Even as he stood before the nation seizing power no president possesses rightfully under our Constitution, in a speech so fact-challenged that even the mainstream media has taken note, Barack Obama couldn’t resist trying to goad Republicans. It is the nature of the man.
In his fifteen minute speech on immigration last night, Obama lectured Republicans:
[D]on’t let a disagreement over a single issue be a deal breaker on every issue. That’s not how our Democracy works, and Congress shouldn’t shut down our government again just because we disagree on this.
He said this even as incoming Senate Majority Leader Mitch McConnell has declared that a government shutdown is off the table and Obama knows a shutdown is unlikely. But goading, dividing, and belittling are what this man knows how to do.
Fred Barnes notes this morning that, if there is one thing Obama should have learned from his first term, it is that going it alone on a strictly partisan basis never works. But he never learns.
Senator Jeff Sessions says that with this order Obama is “endangering our entire constitutional order.”
Peggy Noonan declared last night's speech an "act of nihilism."
Keith Koffler of White House Dossier captured the profound sadness of yesterday in a post headlined simply "Today Is a Sad Day:"
As the news broke Wednesday that President Obama would finally do what he has been threatening to do for months, the emotion that gripped me was not the one I expected. It was not anger, not frustration, not sarcasm, and not contempt.
It was just sadness. It was a feeling that something had died.
This is a turning point. This is a new nation. Fundamentally changed.
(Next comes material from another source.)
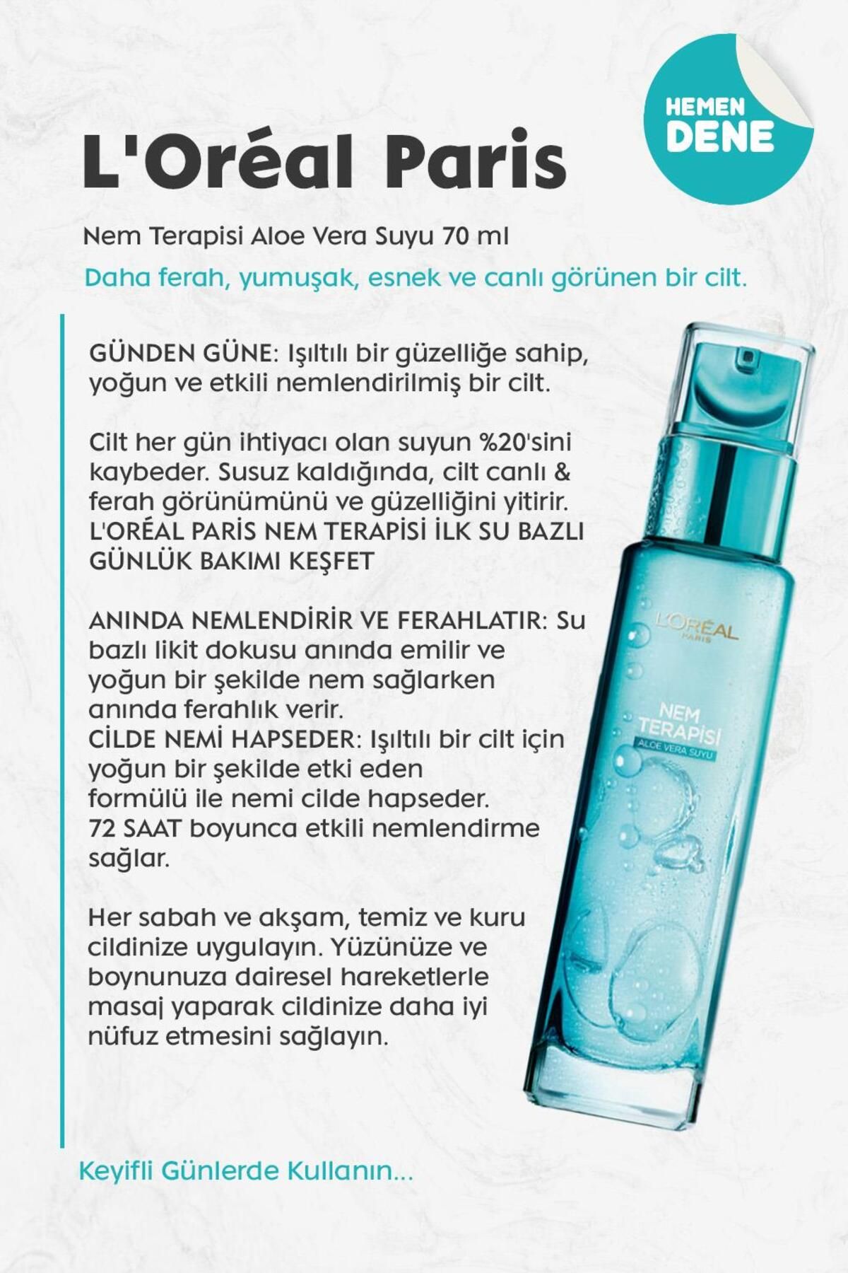 L’Oréal Paris Nem Terapisi Aloe Vera Suyu 70 ml HIZLI VE GÖZLE GÖRÜLEBİLİR SONUÇLARANINDA: Daha ferah, yumuşak, esnek ve canlı görünen bir cilt. ; GÜNDEN GÜNE: Işıltılı bir güzelliğe sahip, yoğun ve etkili nemlendirilmiş bir cilt. ; Cilt her gün ihtiyacı olan suyun %20’sini kaybeder. ; Susuz kaldığında, cilt canlı & ferah görünümünü ve güzelliğini yitirir.L’ORÉAL PARİS NEM TERAPİSİ İLK SU BAZLI GÜNLÜK BAKIMI KEŞFET ANINDA NEMLENDİRİR VE FERAHLATIR: Su bazlı likit dokusu anında emilir ve yoğun bir şekilde nem sağlarken anında ferahlık verir.CİLDE NEMİ HAPSEDER: Işıltılı bir cilt için yoğun bir şekilde etki eden formülü ile nemi cilde hapseder. ; 72 SAAT boyunca etkili nemlendirme sağlar. ; Her sabah ve akşam, temiz ve kuru cildinize uygulayın. ; Yüzünüze ve boynunuza dairesel hareketlerle masaj yaparak cildinize daha iyi nüfuz etmesini sağlayın.;

If we are indeed to become a country in which the chief executive ignores laws and does as he pleases, then we are finished.
Along these lines, I’d like to recommend a book—Anthony Everitt’s Augustus: The Life of Rome’s First Emperor. It is about the fundamental transformation of an earlier republic. You may think that Augustus one woke up to find himself declared emperor. But the changes Augustus wrought were both subtle and unsubtle. His great-uncle Julius Caesar had begun the process of transforming Rome, and the task was complete by the end of Augustus's life. I think of this book often nowadays.